DATA EXTRACT section start

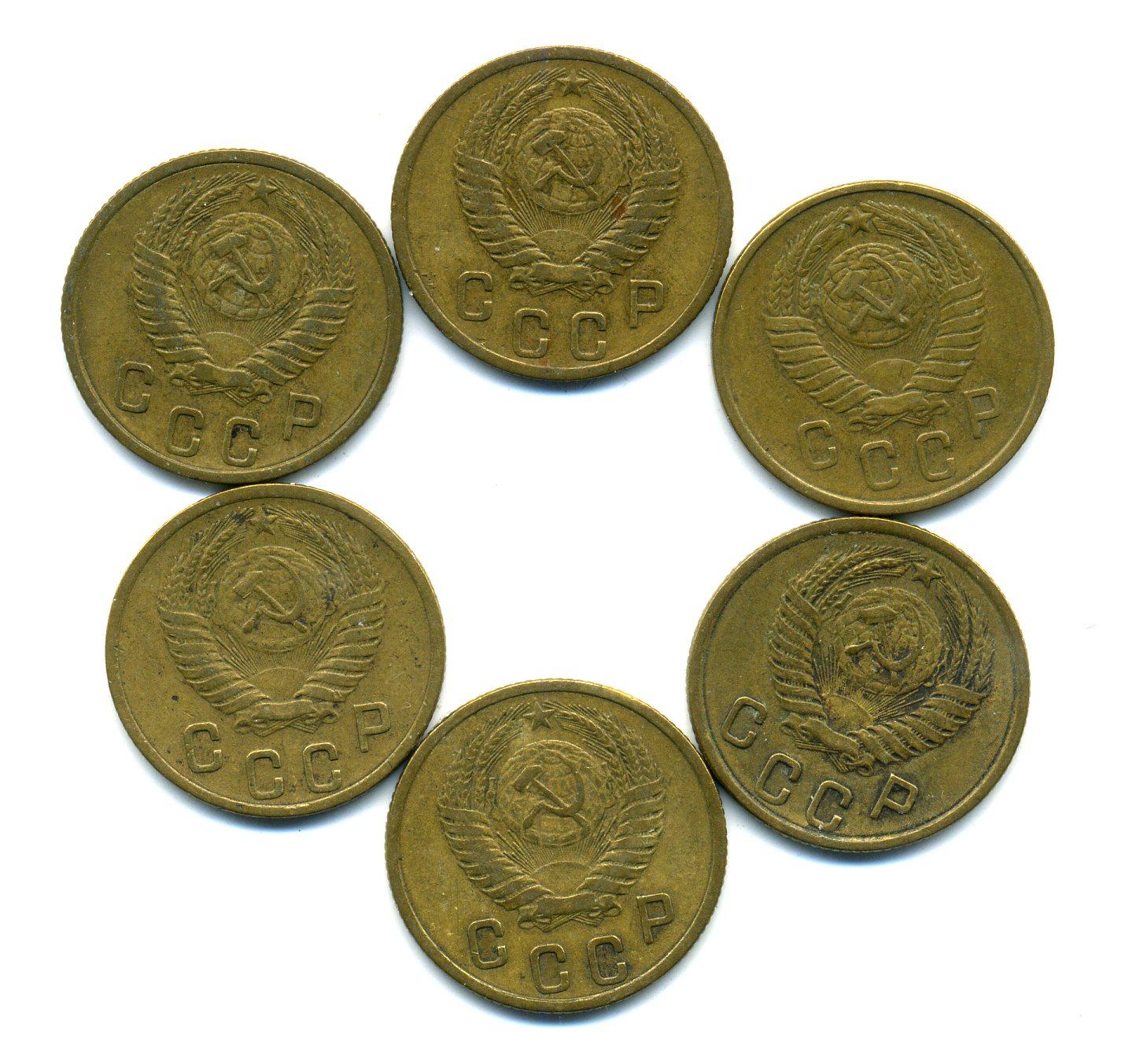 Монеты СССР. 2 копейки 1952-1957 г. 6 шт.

DATA EXTRACT section end
DATA EXTRACT section start

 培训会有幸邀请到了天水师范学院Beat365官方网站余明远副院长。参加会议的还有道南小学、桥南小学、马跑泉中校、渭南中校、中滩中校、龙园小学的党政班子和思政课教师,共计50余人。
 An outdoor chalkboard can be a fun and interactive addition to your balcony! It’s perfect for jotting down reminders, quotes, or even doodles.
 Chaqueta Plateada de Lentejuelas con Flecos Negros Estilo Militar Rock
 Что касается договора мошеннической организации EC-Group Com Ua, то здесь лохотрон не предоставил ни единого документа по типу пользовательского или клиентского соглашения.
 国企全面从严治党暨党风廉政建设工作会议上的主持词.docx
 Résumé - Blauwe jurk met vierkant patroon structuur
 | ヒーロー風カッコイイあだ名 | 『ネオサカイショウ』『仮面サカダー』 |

DATA EXTRACT section end

◆ **WORK TO BE COMPLETED**
Given the records above, restate word for word only the lines starting at the one with "国企全面从严治党暨党风廉政建设工作会议上的主持词.docx" and ending at the one with "ヒーロー風カッコイイあだ名 | 『ネオサカイショウ』『仮面サカダー』 |".

◆ **RESPONSE AREA**
 国企全面从严治党暨党风廉政建设工作会议上的主持词.docx
 Résumé - Blauwe jurk met vierkant patroon structuur
 | ヒーロー風カッコイイあだ名 | 『ネオサカイショウ』『仮面サカダー』 |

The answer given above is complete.